• _Work instructions_
Images should be left out, and everything else in the listing reproduced exactly.

• _Collected material_
↓

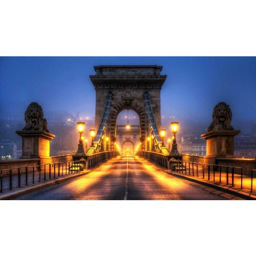 Картина на холсте 60x100 LinxOne "Chain Bridge Budapest Hungary" интерьер для дома / декор на стену / дизайн
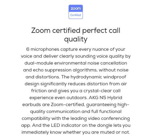 6 microphones capture every nuance of your voice and deliver clearly sounding voice quality by dual-module environmental noise cancellation and echo suppression algorithms, without noise and distortions. The hydrodynamic windproof design significantly reduces distortion from air friction and gives you a crystal-clear call experience even outdoors. AKG N5 Hybrid earbuds are Zoom-certified, guaranteeing high-quality communication and full functional compatibility with the leading video conferencing app. And the LED indicator on the dongle lets you immediately know whether you are muted or not
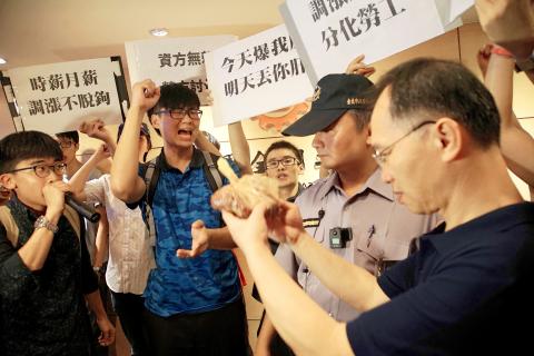 About a dozen young people from a range of labor groups, including the Taiwan Higher Education Union, the Workers’ Struggle Alliance and the Taiwan International Workers’ Association, protested in the foyer outside the federation’s offices. They had an altercation with federation officials before police officers arrived and the officials closed the doors.
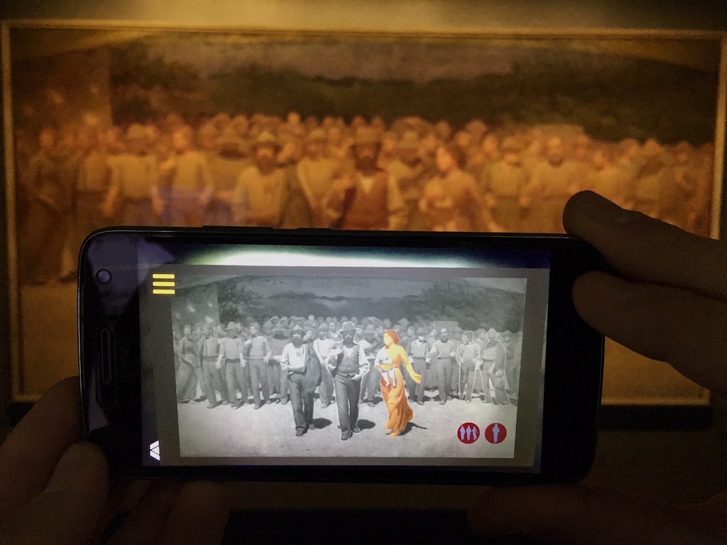 Sopra. Il Quarto Stato di Giuseppe Pellizza da Volpedo in realtà aumentata.

↑

• _Final answer_
 Картина на холсте 60x100 LinxOne "Chain Bridge Budapest Hungary" интерьер для дома / декор на стену / дизайн
 6 microphones capture every nuance of your voice and deliver clearly sounding voice quality by dual-module environmental noise cancellation and echo suppression algorithms, without noise and distortions. The hydrodynamic windproof design significantly reduces distortion from air friction and gives you a crystal-clear call experience even outdoors. AKG N5 Hybrid earbuds are Zoom-certified, guaranteeing high-quality communication and full functional compatibility with the leading video conferencing app. And the LED indicator on the dongle lets you immediately know whether you are muted or not
 About a dozen young people from a range of labor groups, including the Taiwan Higher Education Union, the Workers’ Struggle Alliance and the Taiwan International Workers’ Association, protested in the foyer outside the federation’s offices. They had an altercation with federation officials before police officers arrived and the officials closed the doors.
 Sopra. Il Quarto Stato di Giuseppe Pellizza da Volpedo in realtà aumentata.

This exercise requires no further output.